How Does It Show Up?It’s sneaky but you don’t have to look too hard to spot these beliefs that impact us all. Once you recognize it, you realize how much Diet Culture influences our daily lives. It’s in the inflexible all-or-nothing rules, the should and shouldn’t statements and the perfectionism with food, body and health. 
Listen carefully to those around you. Look carefully around you… subtle and obvious messages are in the magazines you or your children read, the shows you watch, commercials aired or the people you follow. Diet Culture promises that when we are thinner, life will be better because we’ll finally fit into certain clothes, make friends, find love, move faster, be stronger or look prettier. In other words, we’ll be acceptable, will fit in, be worthy, loveable, desirable, smarter, healthier and ultimately, happier. 
Here are some Diet Culture messages that show up everyday:

  • Eating with a group and someone makes comments about the amount of food they’re consuming.
  • Friends discussing what they should/shouldn’t eat based on a new diet or lifestyle trend
  • Weight loss challenges at work- they send the message that we need fixed; that something is wrong with our bodies. 
  • Fitness instructors who encourage participants to “burn off” what you ate last weekend or are planning to eat for the holidays. This perpetuates the belief that exercise should be used for the purpose of weight loss or to punish ourselves when we eat something out of enjoyment or outside certain “rules.” 

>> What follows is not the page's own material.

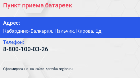Пункт приема батареек по адресу Кабардино-Балкария, Нальчик, Кирова, 1д в дальнейшем Организация, размещена в следующих категориях:
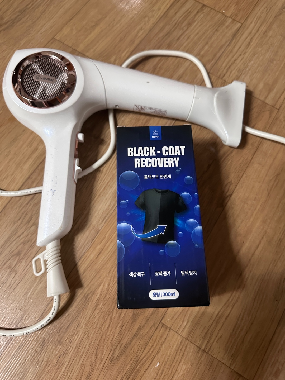 드라이기로 말리는 동안, 원래 검정으로 돌아간 것 같았던 부분이 서서히 다시 바랜 색으로 돌아가기 시작했습니다.

  • Magazines, blogs, social media and influencers marketing numerous diets, superfood lists, toxic food lists, cleanses, detoxes, or “lifestyles” 
  • Cartoons, movies, TV shows portrayal of larger bodied characters as lazy, messy or foolish. 

Diet Culture has trained us to ignore our body’s internal cues of hunger, eat for pleasure or satisfaction and reinforced the idea that exercise is a way to earn, punish or compensate for the food we eat. It tells us that we’re not good enough just as we are and that we are to blame if our body does not meet cultural norms for the thin ideal. It teaches us ways to control and shrink our bodies by restricting food, over-exercising and ignoring our body’s wisdom. It creates fear and internalized stress by showing up in food anxieties, decreased self esteem, obsession around food and exercise, negative body image and social isolation. It takes away our autonomy by teaching us to rely on something or someone else rather than our intuition.  
Stepping away from this mentality is counter culture and challenging. We’re ALL a part of it so there’s no shame in getting triggered, swayed, convinced or manipulated. Rejecting Diet Culture is an ongoing process…  one that requires time, patience and intention. 
This month I encourage you to examine your food and diet thoughts. Do these beliefs influence your decisions? Do they include points to count, foods to eliminate, groups to avoid, rigid schedules to incorporate and rules to adhere to? When you “give in,” “treat yourself,” “cheat,” or rest, how does it make you feel? If your answer is weak, lazy or not good enough or undeserving, that’s using shame, fear and guilt as a motivator for change which means the behavior will likely fade. When we use compassion and intuition, change is sustainable.